The table header lists the column titles, numerical indices for each column and the assignment in the Data.setas attribute.

If the file has more than 256 rowns, then the first 128 rows and last 128 rows will be shown with a row of … to show the split.

Many of the methods in the Stoner package return a copy of the current Stoner.Data object and in ipython consoles and jupyter notebooks these will get printed out using the table formats above. This may be more than is required, in which case you can set options in the Stoner package to control the output format.:

from Stoner import Options
Options.short_data_repr = True # or "short_repr" for short representations of all objects.
print(repr(d))
>>> TDI_Format_RT.txt(<class 'Stoner.Data'>) of shape (1676, 3) (xy.) and 6 items of metadata

Working with columns of data¶

This is all very well, but often you want to examine a particular column of data or a particular row:

d.column(0)
d.column('Temperature')
d.column(['Temperature',0])

In the first example, the first column of numeric data will be returned. In the second example, the column headers will first be checked for one labeled exactly Temperature and then if no column is found, the column headers will be searched using Temperature as a regular expression. This would then match Temperature (K) or Sample Temperature. The third example results in a 2 dimensional numpy array containing two columns in the order that they appear in the list (ie not the order that they are in the data file). For completeness, the Data.column() method also allows one to pass slices to select columns and should do the expected thing.

There are a couple of convenient short cuts. Firstly the floormod operator // is an alias for the Data.column() method and secondly for working with cases where the column headers are not the same as the names of any of the attributes of the Data object:

d//"Temperature"
d.Temperature
d.column('Temperature')

all return the same data.

Whenever the Stoner package needs to refer to a column of data, you cn specify it in a number of ways:-

As an integer where the first column on the left is index 0

As a string. if the string matches a column header exactly then the index of that column is returned.
If the string fails to match any column header it is compiled as a regular expression and then that is tried as a match. If multiple columns match then only the first is returned.

As a regular expression directly - this is similar to the case above with a string, but allows you to pass a pre-compiled regular
expression in directly with any extra options (like case insensitivity flags) set.

As a slice object (ee.g. 0:10:2) this is expanded to a list of integers.

As a list of any of the above, in which case the column finding routine is called recursively in turn for each element of the list and
the final result would be to use a list of column indices.

For example::: import re col=re.compile(‘^temp’,re.IGNORECASE) d.column(col)

Working with complete rows of data¶

Rows don’t have labels, so are accessed directly by number:

d[1]
d[1:4]

The second example uses a slice to pull out more than one row. This syntax also supports the full slice syntax which allows one to, for example, decimate the rows, or directly pull out the last fews rows in the file.

Special Magic When Working with Subsets of Data¶

As mentioned above, the data in a Data is a special siubclass of numpy’s Masked Array - DataArray.

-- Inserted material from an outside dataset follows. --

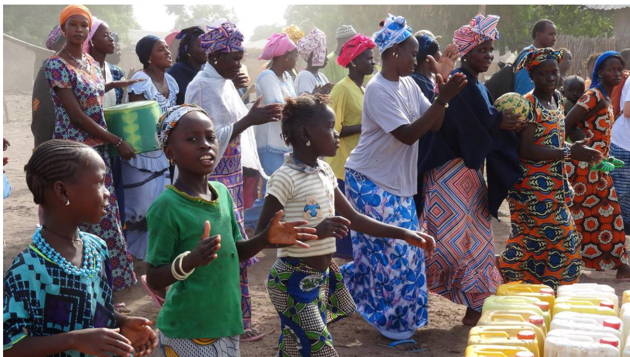
Festlig velkomst i landsbyen

A DataArray understands that columns can have names and can be assigned to hold specific types of data - x,y,z values etc. In fact, the logic used for the column names and setas attribute in a Data is actually supplied by the DataArray. When you index a Data or it’s data, the resulting data remembers it’s column names and assignments and these can be used directly:

r=d[1:4]
print r.x,r.y

In addition to the column assignments, DataArray also keeps a track of the row numbers and makes them available via the i attribute.:

d.data.i # [0,1,2,3...,len(d)]
r=d[10]
r.i # 10
r.column_headers

You can reset the row numbers by assigning a value to the i attribute.

A single column of data also gains a .name attribute that matches its column_header:

c=d[:,0]
c.name == c.column_headers[0] #True

Manipulating the metadata¶

What happens if you use a string and not a number in the above examples ?:

d['User']

in this case, it is assumed that you meant the metadata with key User. To get a list of possible keys in the metadata, you can do:

d.dir()
d.dir('Option\:.*')

In the first case, all of the keys will be returned in a list. In the second, only keys matching the pattern will be returned – all keys containing Option:. For compatibility with normal opython semantics: Data.keys() is synonymous with Data.dir().

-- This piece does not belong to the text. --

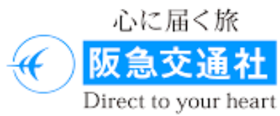
圖 13：阪急交通社 LOGO
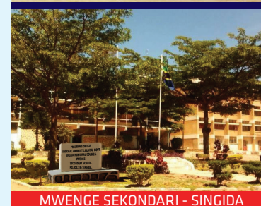
MWENGE SEKONDARI - SINGIDA

If the string you supply to get the metadata item does not exactly match an item of metadata, then it is interpreted as a regular expression to try and match against all the items of metadata. In this case, rather than returning a single item, all of the matching metadata is returned as a dictionary. PAssing a compiled regular epxression as the item name also has the same effect - this is useful if the regular expression you want to match is also an exact match to one particular metadata name.

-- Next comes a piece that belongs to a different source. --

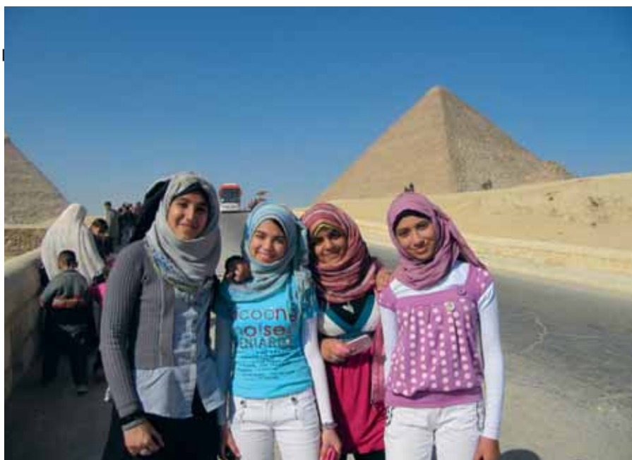
Egyptens framtid är flickorna.

We mentioned above that the metadata also keeps a note of the expected type of the data. You can get at the metadata type for a particular key like this:

d.metadata.type('User')

to get a dictionary of all of the types associated with each key you could do:

dict(zip(d.dir(),d.metadata.type(d.dir())))

but an easier way would be to use the typeHintedDict.types attribute:

d.metadata.types

More on Indexing the data¶

There are a number o other forms of indexing supported for Data objects.:

d[10,0]
d[0:10,0]
d[10,'Temp']
d[0:10,['Voltage','Temp']

The first variant just returns the data in the 11th row, first column (remember indexing starts at 0). The second variant returns the first 10 values in the first column. The third variant demonstrates that columns can be indexed by string as well as number, and the last variant demonstrates indexing multiplerows and columns – in this case the first 10 values of the Voltage and Temp columns.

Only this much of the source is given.